In the end, most of the side-chain carbon and proton assignments could be achieved, as shown in the extracts of the ${}^{\mathrm{13}}$C-HSQC spectrum in Fig. 3, where the assignments for the H$\mathit{\alpha }$/C$\mathit{\alpha }$ are given, and all assigned side-chain peaks are marked with a cross. The data have been deposited at the BMRB under accession number 52372.

4 Discussion and conclusion

We have shown here that the production and resonance assignment of small protein domains can be done in a highly efficient manner by combining cell-free protein synthesis, NMR spectroscopy on high-field platforms and automated resonance assignment.
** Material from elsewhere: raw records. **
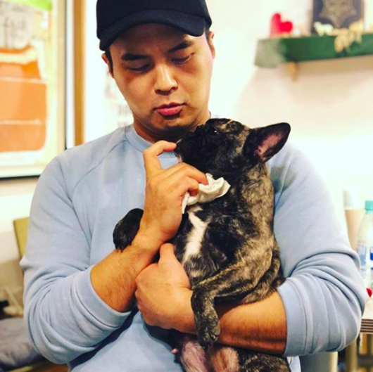 공개된 사진에는 정준이 편안한 복장을 입고 강아지를 안고 있는 모습이 담겨있다.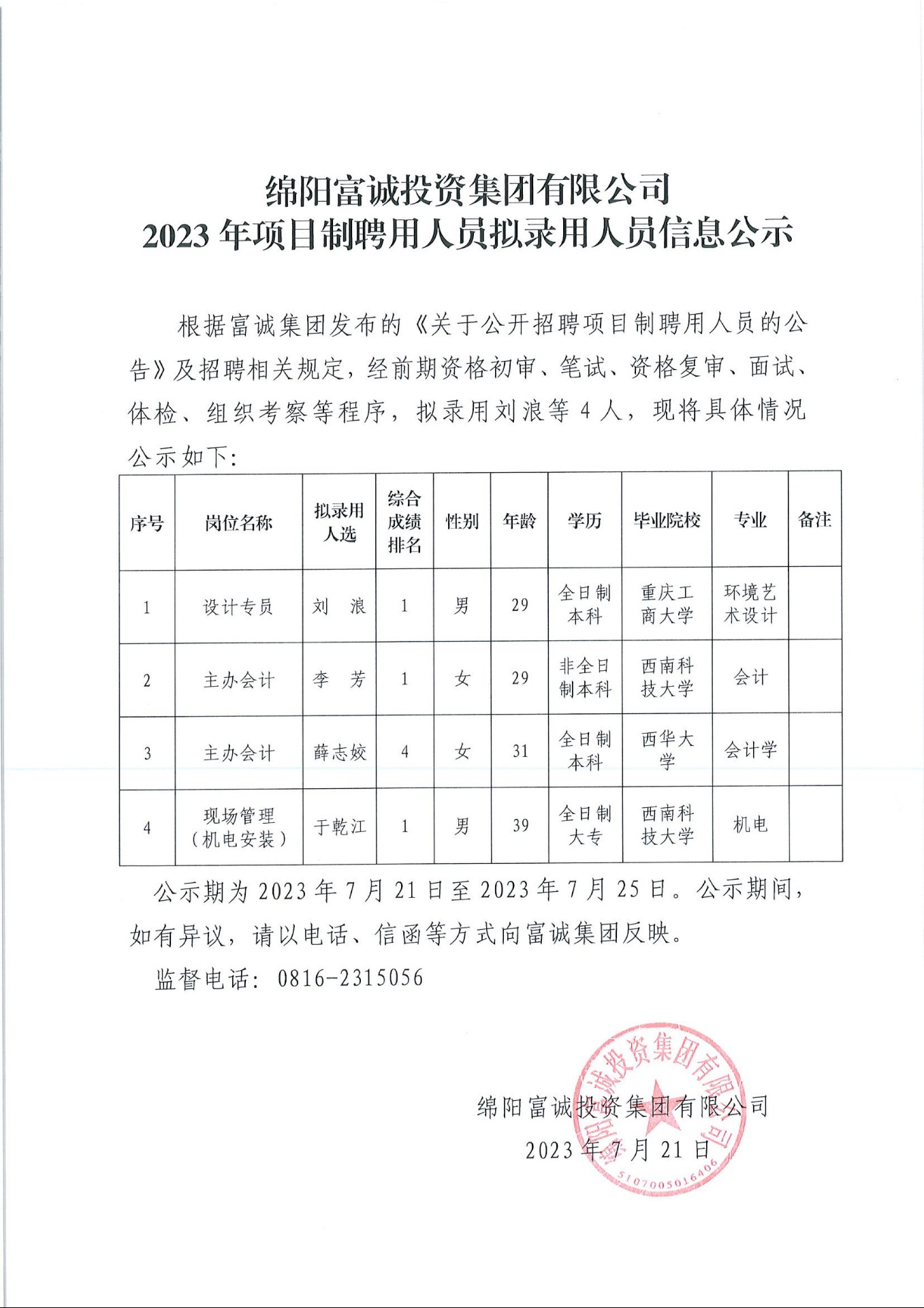 m88明昇2023年项目制聘用人员拟录用人员信息公示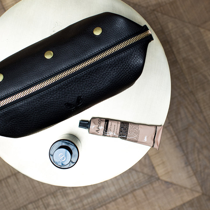 LEATHER WASH BAG IN BLACK | £395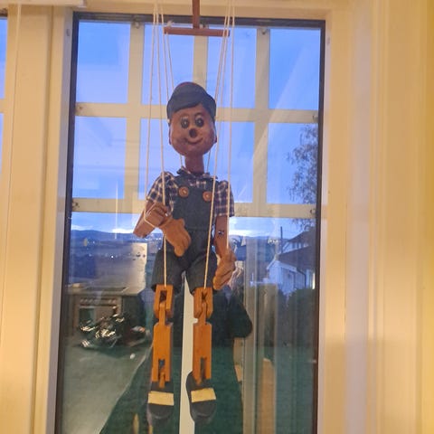 Eldre Pinocchio sprelle mann. 1 meter høy, 60 cm bredde.. selges for hb over 1000kr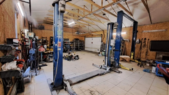 🚗 На территории участка находится просторный гараж 100 м2 с фундаментом из утепленной шведской плиты толщиной 20 см. Стены гаража выполнены из ОСБ, утеплены минеральной ватой Rockwool (100 мм) и защищены теплоизоляционной плёнкой. Два подъёмника сделают обслуживание вашего автомобиля максимально удобным. Гараж теплый, отапливается дровяным котлом с электротэнами, + котёл на отработке+ газовый котёл уже стоит (на перспективу).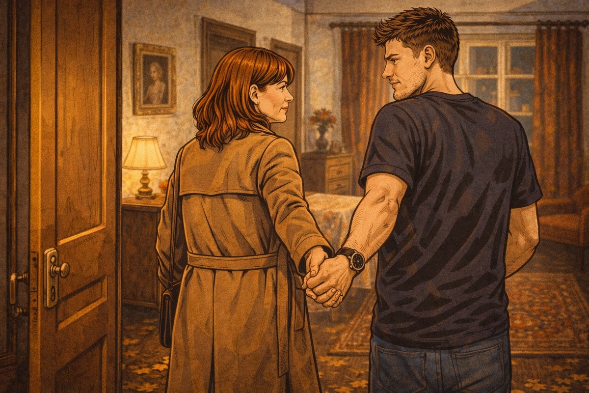 Все главы После набережной они шли вдоль тихих улочек, и Максим заметил, что его сердце всё ещё стучит быстрее обычного. Елена предложила зайти к ней, просто согреться и немного отдохнуть. Он почувствовал, как стеснение вновь подкрадывается, но желание идти с ней рядом оказалось сильнее. Квартира была тёплой и уютной: мягкий свет лампы ложился на книжные полки, аромат кофе и недавно приготовленного ужина наполнял пространство. Елена сняла пальто, и её взгляд, мягкий, но уверенный, сказал ему: «Можно расслабиться». — Присаживайся, — сказала она, указывая на диван. — Я не угощу тебя сразу, если ты не хочешь, но мы можем просто… быть рядом. Максим сел осторожно, чуть поодаль, словно боясь нарушить невидимую границу. Но каждый раз, когда их плечи случайно касались друг друга, он ощущал тепло, которое было одновременно странным и манящим. — Твои руки… — пробормотал он, почти шепотом, — они такие… живые. Елена слегка улыбнулась, наклонившись к нему: — Иногда достаточно одной руки, чтобы поня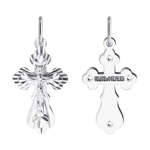 Православный крест, в котором исполнены все каноны Православной Церкви, выполнен из белого золота 585 пробы с алмазной гравировкой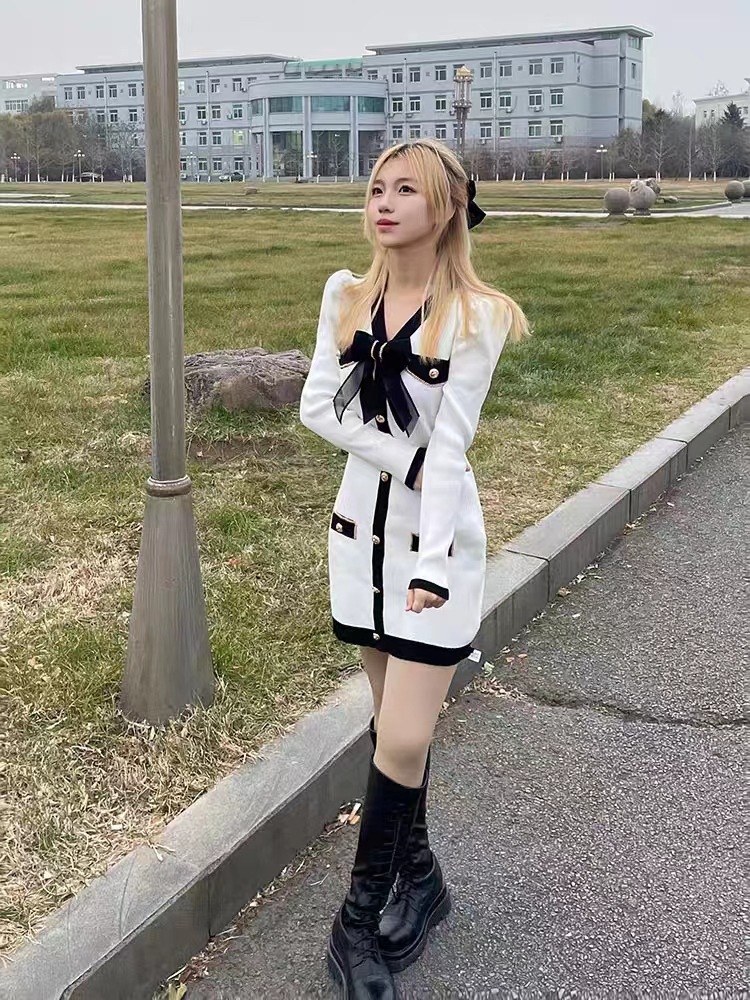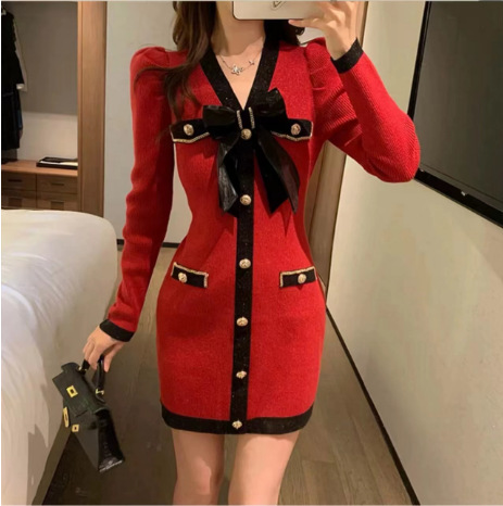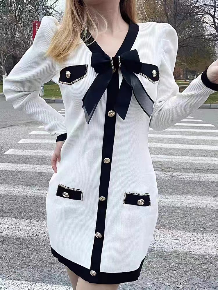小香风秋冬季蝴蝶结V领单排扣修身通勤针织连衣裙名媛口袋拼色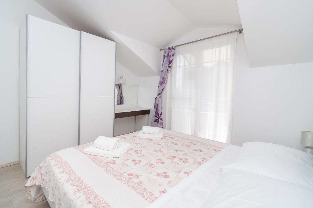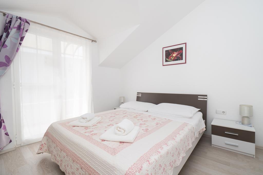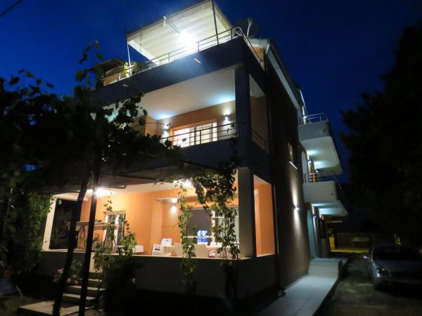 Huset ligger i et roligt område. Vært meget hjerteligt, hjælpsomme. Lejligheden er meget ren, pæn og moderne udstyret - i overensstemmelse med beskrivelser og fotos. Udstyr omfatter alt det nødvendige for et behageligt ophold, lejligheden har en stor balkon med en smuk udsigt over havet og øen. Den nærmeste strand er småsten, velegnet til små børn. Vi takker værter for deres varme velkomst, hjælp (og lækre grøntsager fra haven ejere).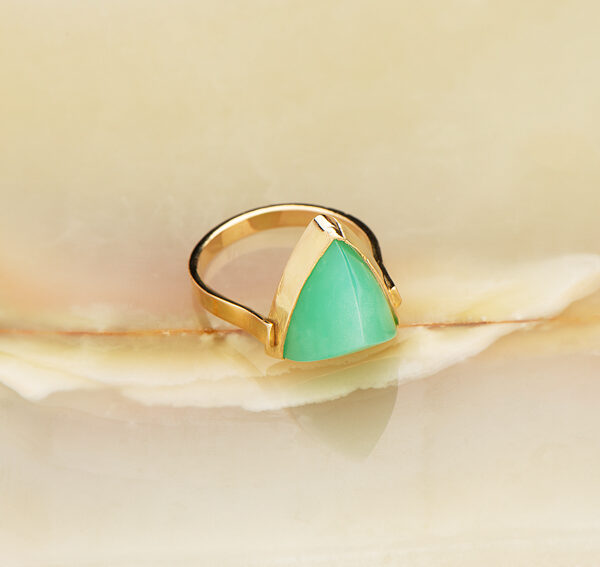 Deze ring is massief goud 18 kt met een kevertje geslepen uit toermalijn.
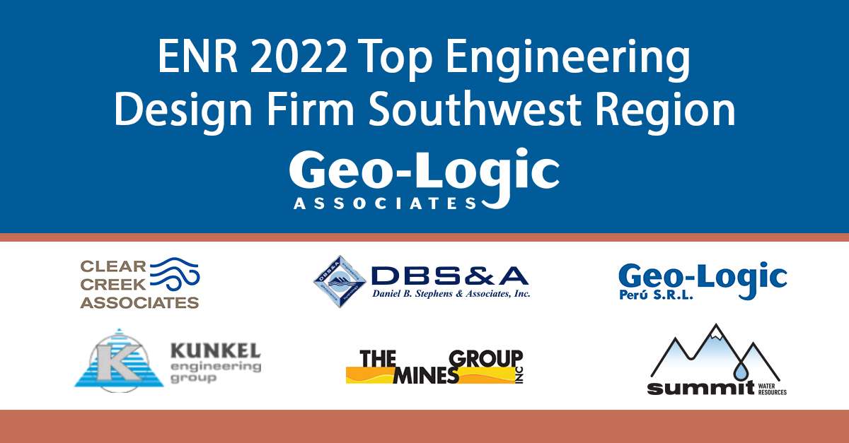 GLA and its wholly owned subsidiaries, including Clear Creek Associates, Daniel B. Stephens & Associates, Kunkel Engineering Group, Geo-Logic Peru, Summit Water Resources, and The MINES Group, was ranked among the Engineering News-Record (ENR) Top 500 Design Firms (#253), in addition to the Top Design Firms in the Southwest Region (#22). Companies listed do engineering nationally and internationally, and are ranked according to 2021 revenue. GLA is an employee-owned, multidisciplinary environmental, civil and geotechnical engineering consulting firm with more than 250 professionals in 26 offices in the U.S. and abroad. Together, we provide multidisciplinary geologic, engineering, water, and environmental consulting for landfills, mines, contaminated sites, municipal projects, natural resources, and water resources.

The use of a high magnetic field not only provided the high resolution which facilitated the assignment of side-chain protons, but also provided the sensitivity to study the below 150 $\mathrm{\mu }$M samples supplied by CFPS. While the sample preparation took about 2 d, the acquisition of the side-chain assignment spectra took 2–3 weeks and the analysis took 1–2 weeks to verify the automated assignments. The backbone assignments were not very time-consuming since they had been previously established (Estrada and De Guzman, 2011), but they required verification, which took several days when done manually but was not necessary for automated assignments, which were similarly successful in the absence of this prior knowledge.

The protein considered here is rather small, with 69 amino acids plus a 10 amino acid tag, and represents a subdomain of a larger, membrane-bound protein. While solid-state NMR can address the membrane-bound forms, solution-state NMR spectra of the isolated domains have the potential to accelerate a future analysis of the solid-state NMR 2D hCH and further 3D spectra, such as hCCH. The knowledge gained here will also be used to analyze the differences between the isolated and membrane-bound domains as highlighted by CSPs.

The number of situations where small domains can provide partial information on membrane-bound proteins is high in the study of viral proteins, as many viral envelope proteins carry rather small ectodomains or cytosolic domains that are easily accessible to solution NMR. Together with AlphaFold2 predictions, sequential NMR resonance assignments can even obviate the need for structure calculations if the models are of high quality, since the secondary chemical shifts from sequential assignments provide immediate information on the secondary structure. The advantage of cell-free protein synthesis is that both membrane-bound and isolated domains can be produced with similar efficiency using the same approach.